On y apprend que, loin de la vision chrétienne d’une douleur
qui sauve ou de la philosophie stoïcienne d’une souffrance qu’il
faut cacher, les médecins de l’époque accordent une grande
importance à l’étude de la douleur et aux moyens de la diminuer.
Michel de Montaigne, encore lui, revendique même le droit
d’exprimer sa douleur, du moment que l’esprit reste clair. «
Qu’importe que nous tordions nos bras pourvu que nous tordions
nos pensées » écrit le philosophe bordelais dans ses fameux
Essais.
La télémédecine du XVIIème siècle
Médecins et penseurs de l’époque tentent de donner une
définition de la douleur. Mais comme le résume le médecin
hollandais Gérard van Swieten en 1753, « il est impossible de
faire comprendre par le discours ce que c’est que cette perception
d’âme ». Toute sorte de mots sont utilisés pour décrire les
maux des patients.

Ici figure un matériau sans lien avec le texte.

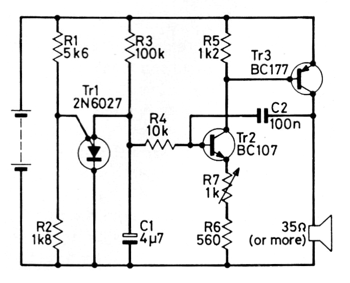 Este circuito fue obtenido en una revista inglesa de 1982. Se trata de un oscilador con Transistor programable Unijuntura, indicado para sistemas de alarma y aviso. El transistor NPN puede ser el BC548 y el PNP el BC558. La alimentación se puede realizar con tensiones de 9 a 12 V. Para tensiones mayores, utilice un BD136 para Tr3.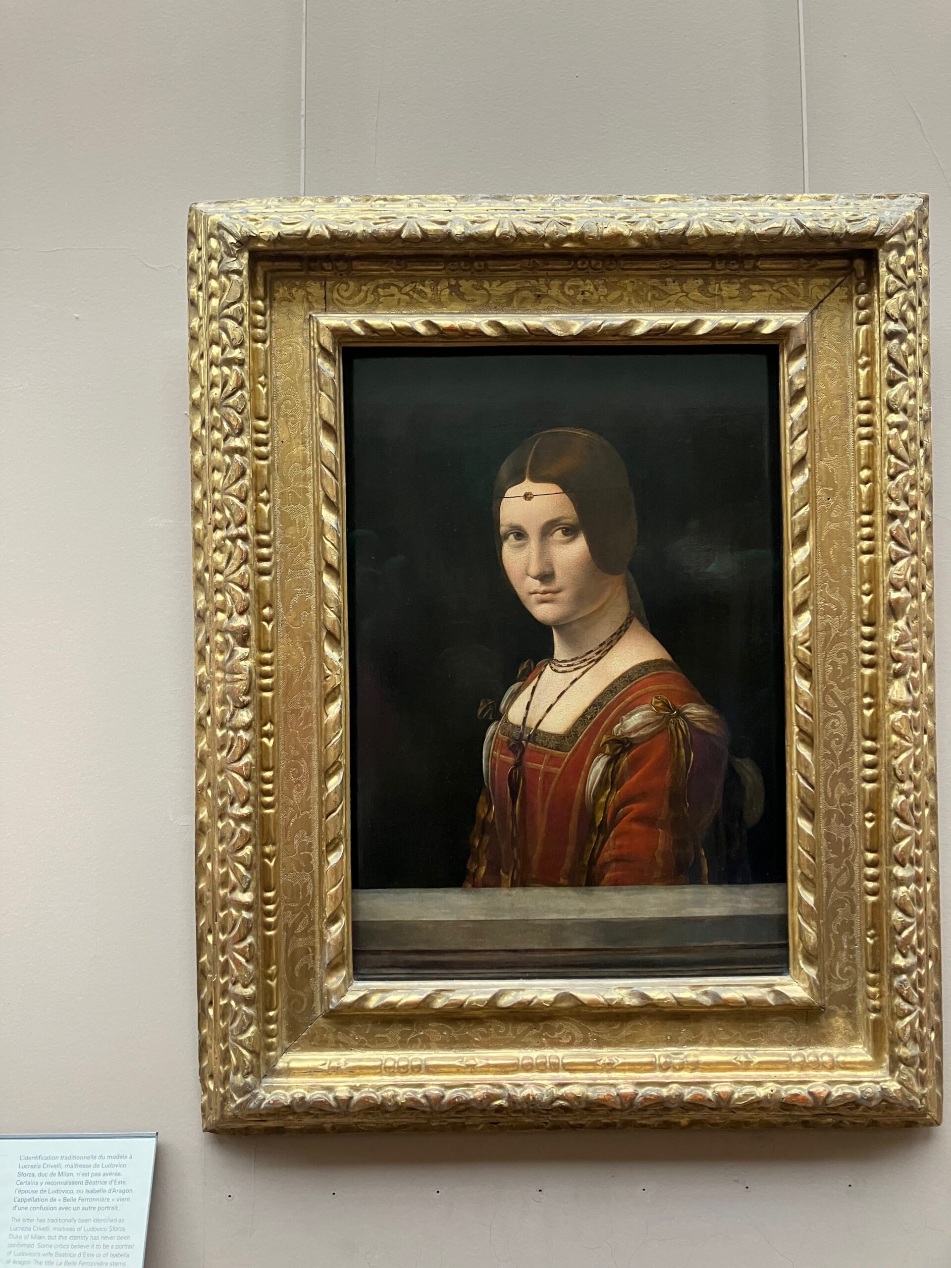 If you came to the Louvre desperate to see the work of da Vinci, the Portrait of a Woman of the Court of Milan is less known than the Mona Lisa but nevertheless striking. Against a black background, you can see a bejewelled woman with undeniable beauty whose identity is a mystery.

Si les médecins d’aujourd’hui parlent de douleur
« irradiante » ou « transperçante », les soignants du
XVIIème siècle préfèrent parler de souffrance « obtuse » ou
« astringente ». Mais ce sont évidemment les patients qui
décrivent le mieux leur mal. En 1629, Lazare Rivière, qui fut
conseiller de Louis XIII, évoque une patiente de 7 ans qui a si mal
qu’elle « demande qu’on lui ouvre la tête avec un couteau
».
Comme aujourd’hui avec les enfants, on demande au patient du
XVIIème siècle d’indiquer avec un crayon le lieu de sa douleur sur
un dessin représentant un corps humain. Le trait de crayon doit
être pointillé si la douleur est externe, continu si elle est
interne. Pour Théophraste Renaudot, médecin et journaliste de la
première moitié du XVIIème siècle, ce système de consultation à
distance permet notamment de pallier le manque de médecins à la
campagne : la téléconsultation est née.
La goutte de Charles Quint
Les médecins s’interrogent sur les signes de la douleur, dont
certains les intriguent. Dans son Traité du rire de 1579, le
médecin Laurent Joubert s’interroge sur la « grimace
risolière » qui précède la survenue de vives douleurs chez
certains patients. C’est le fameux « rire sardonique » du
nom d’une herbe poussant en Sardaigne et dont la consommation
serait mortelle. « Elle tord la bouche des hommes en un rictus
de douleur, de sorte qu’ils meurent comme s’ils riaient » écrit
l’humaniste hollandais Erasme.
Bien sûr, les médecins de l’époque tentent de lutter contre
ces douleurs physiques. Les antalgiques de l’époque sont appelés
des « anodins ». Les plus efficaces sont évidemment les
narcotiques, comme l’opium, mais déjà en 1554 le médecin italien
Pietro Mattioli recommande de ne pas les utiliser « témérairement
ou sans réfléchir ». Ambroise Paré, expert des amputations,
rappelle cependant qu’il est parfois nécessaire de faire souffrir
les patients et que le chirurgien ne doit pas avoir d’état d’âme. «
Le chirurgien à la face piteuse rend de son patient la plaie
vermineuse ». Autrement dit, celui qui fait trop attention à
ménager son patient ne parviendra pas à le soigner.
es grands de ce monde ne sont pas épargnés par les douleurs.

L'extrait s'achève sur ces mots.